Loss of Biodiversity Means Loss of Human Life

The loss of biodiversity means the loss of all life supported by inter-connected dynamics which supply air, water and nutrients.  Biodiversity is in effect, everything evolved on earth that is not mere mineral or inanimate chemical. 

In school, many students have learned about the food chain, or even the great chain of being.  The chain theory, however, is obsolete and has been replaced by the new comprehension that all life complements other life.  Life exists in a web of interconnected bits.

It is not just the survival of fittest, but the interaction of everything that lives and dies which creates the carbon cycle, the hydrology cycle, the replenishment of the soil and the restoration, daily and ongoing, of the water and air that support life upon earth. Without insects, pollinators, and seed depositors, there is no way to propagate or continue sustainable populations of plants and animals, no less human beings.

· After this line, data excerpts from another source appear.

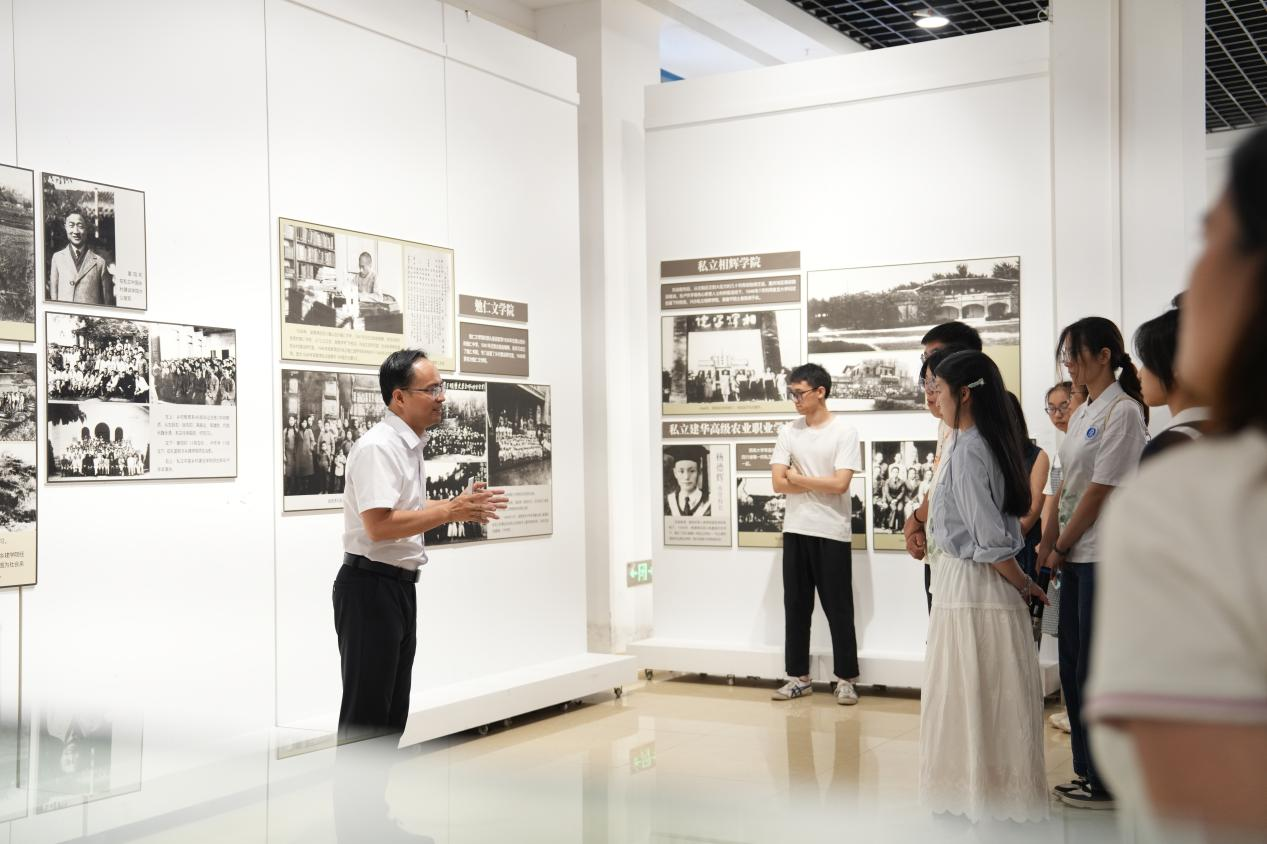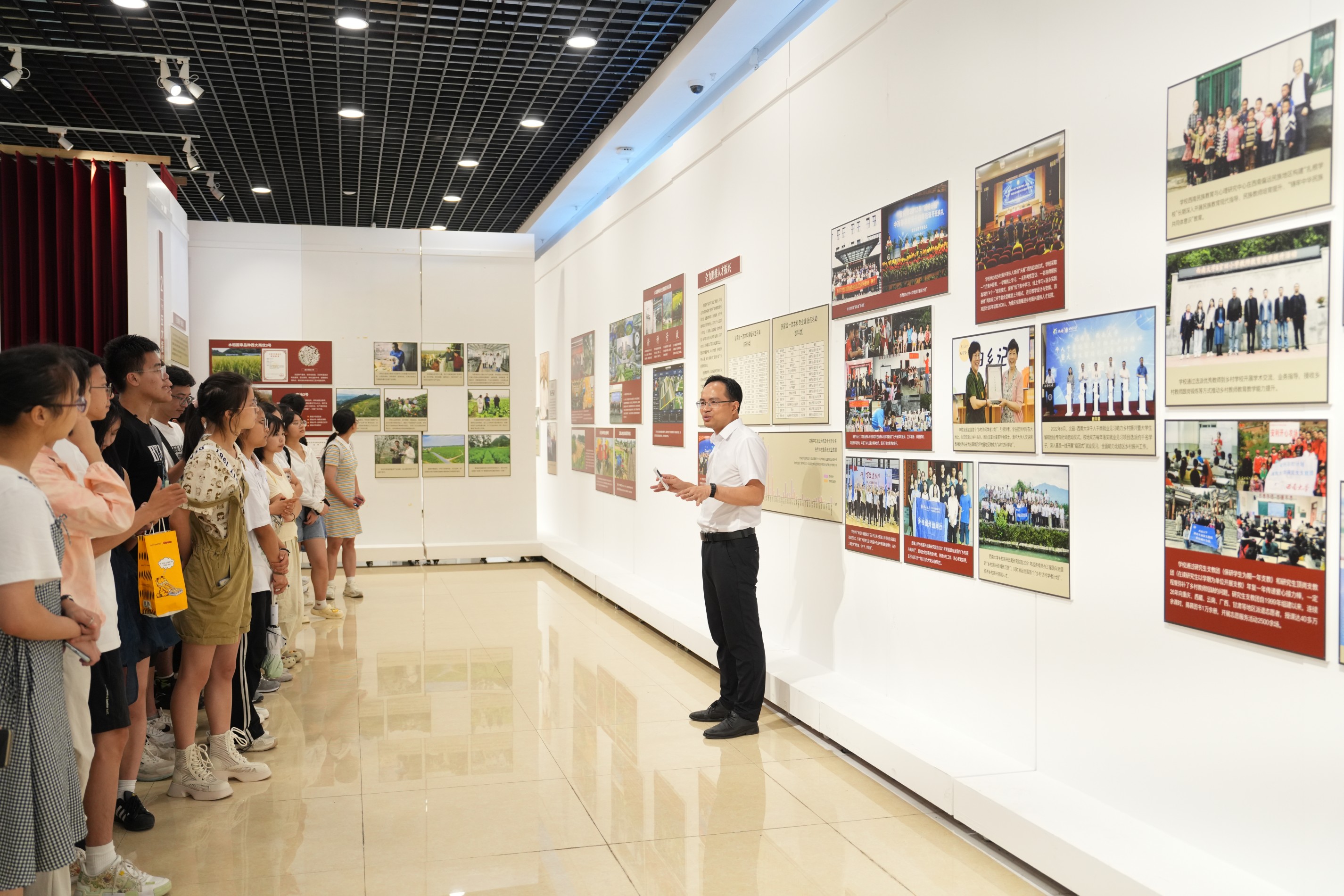 在best365英国在线体育官网强农兴农百年成就展展厅,潘家恩教授通过丰富的图文陈列与实物展品,生动讲述了中国乡村建设的百年历史以及best365英国在线体育官网在强农兴农征程上的重要探索。他结合自己二十多年的乡村建设实践经验,从“百年乡村建设中的西大身影”“全面乡村振兴中的西大作为”和“农业强国建设中的西大担当”三个方面,深入浅出地阐述了乡村建设的多元化试验、人才培养的探索经验,以及高校师生如何参与乡村振兴等重要内容。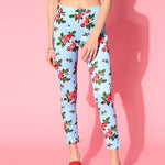 Blue Floral Leggings, in Poly Knit fabric, Unlined, Ankle Length, Skinny Fit, Elasticated Waist Band, Straight Hemline and features 2 Patch Pockets At Back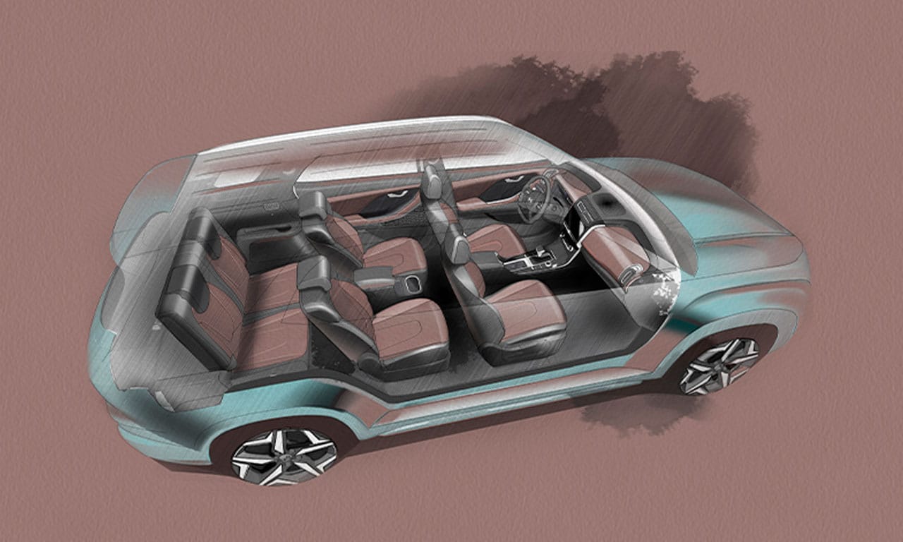 A imagem do interior também confirma que o Alcazar terá o mesmo painel, console e volante do Creta indiano. A versão revelada possui arranjo de seis lugares, com direito a segunda fileira com bancos individuais e console central-traseiro com apoio de braço e porta-objetos. Apesar disso, o Alcazar terá opção de 7 lugares ao todo, com banco central inteiriço. Mesmo com os bancos rebatíveis da terceira fileira em uso, o espaço no porta-malas parece bastante razoável.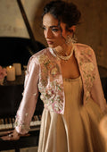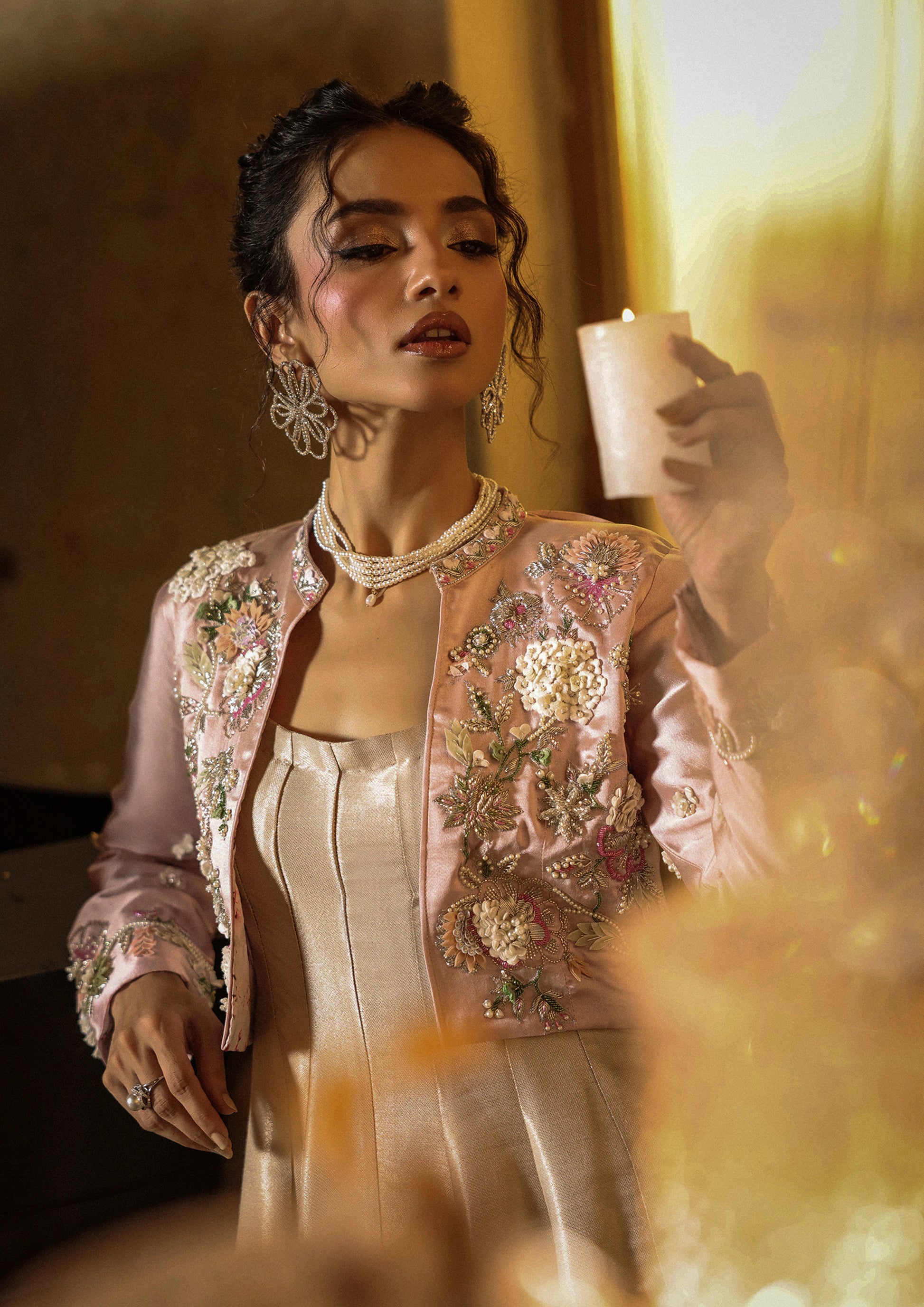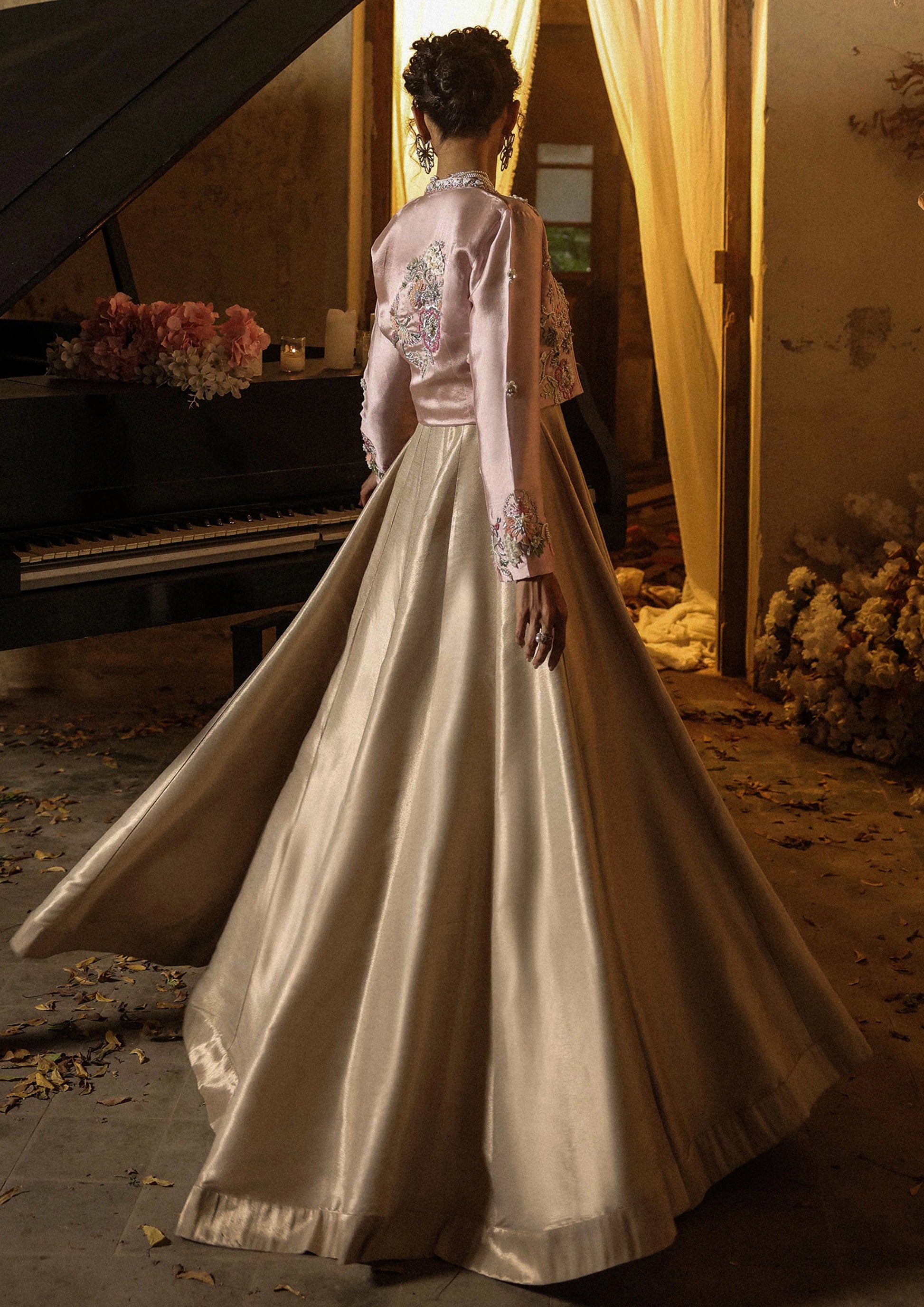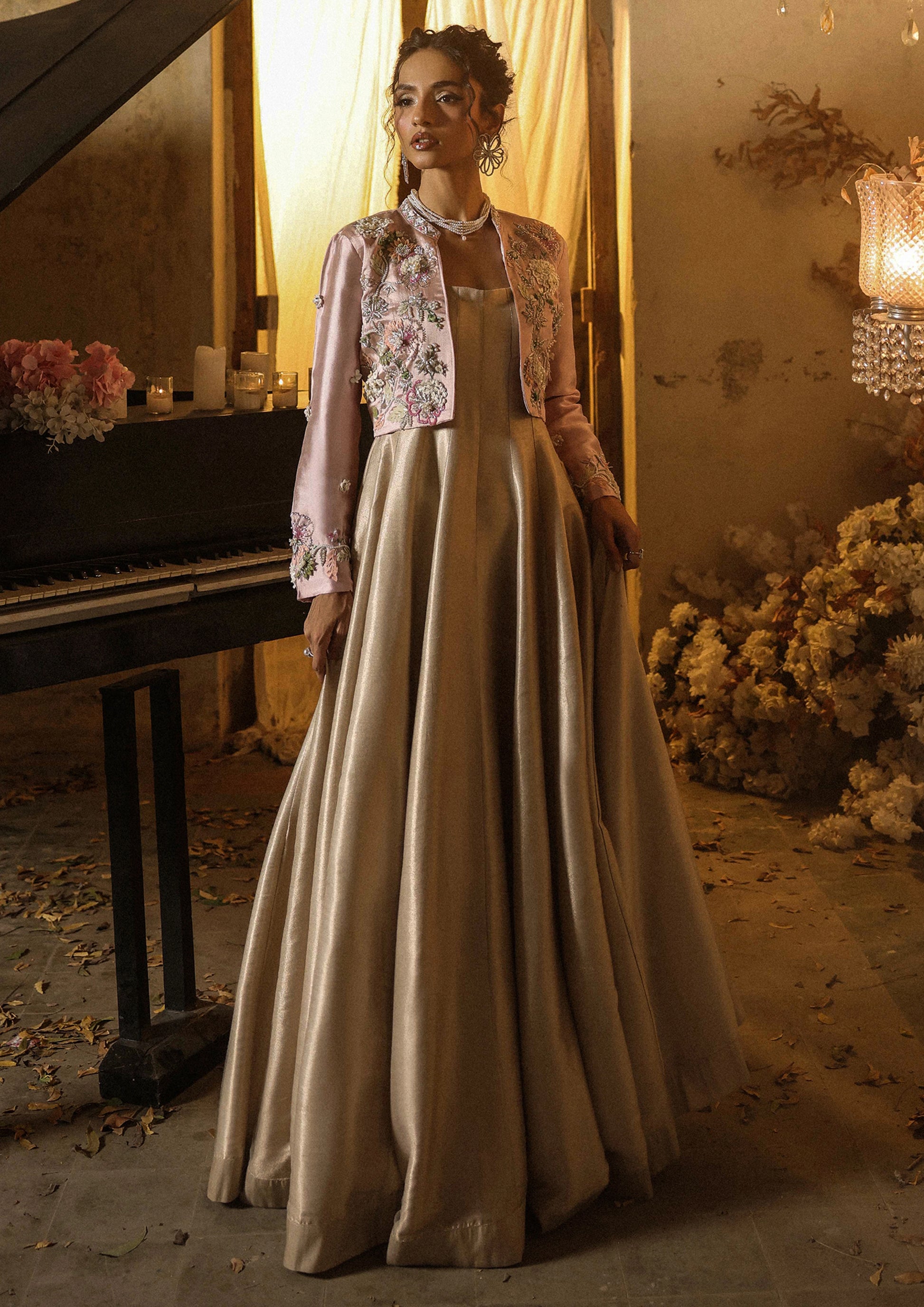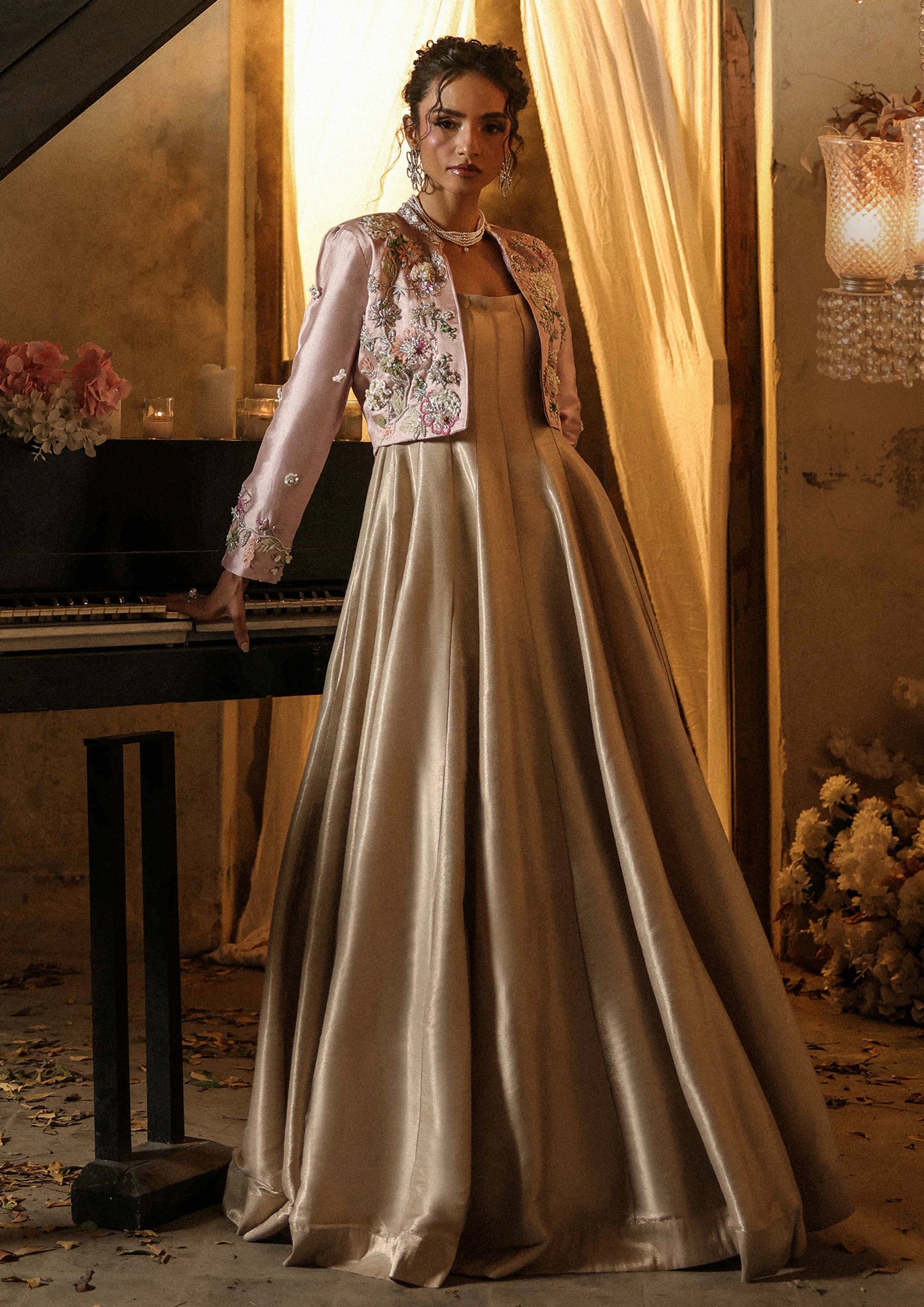 This ensemble features a hand-embroidered and embellished crop jacket layered over a paneled Maysori dress. The jacket’s intricate detailing adds structure and sparkle, while the flowing silhouette of the dress creates a balanced, elegant look. Designed to radiate sophistication, the outfit carries a graceful vibe reminiscent of Isabella-inspired charm.

For example, cattle when fed on grasslands do not rely upon the monoculture of artificially fertilized corn.  Grazing cattle do not add concentrated methane, or deteriorate landscapes.  In their naturally evolved context, cattle replenish and support biodiversity.  In the factory farm, they are yet another aberration that adds to the loss of biodiversity.

Another simple way to look at it, it to see that which evolved in nature arrived at the present system of life on earth that in “circle of life” fashion, continues to ensure life on earth.  As humans developed agriculture, then cities and factories, biodiversity began to decline.  Most mega-fauna (large animals) were hunted to extinction eons ago. Pollution, garbage, waste, deforestation, mining and much more human activity, notably burning of fossil fuels, threatens  current remaining biodiversity, and, so too, the future of life. This bleak future is avoidable, as described by E.O. Wilson, in his book, the Future of Life.

Also since modern times, those things brought about by humans that threaten biodiversity can all be reduced to the idea of waste.  Annihilation of the American Bison for example, shows how one missing creature virtually extinguished native American ways of life.  In nature, there is no waste.  All debris and death gives rise to life. The idea of garbage, toxins, waste, plastic and contaminants threatens all biodiversity because artificial waste, in huge quantity,  cannot be digested by nature.

The great Pacific garbage patch, a plastic floating Texas size mess, kills marine animals and birds because they have no natural ability to digest, or disentangle from plastic trash.  Glass would be a simple technology to protect such life, but few people care because they do not know loss of biodiversity threatens human life, too.

A new view of economy, that which enriches life and discourages waste, will define the coming age of recognizing the importance of biodiversity to human health. A new relationship which welcomes humanity as belonging to nature will ensure that humanity lives, thrives and finds connection to all that is diverse.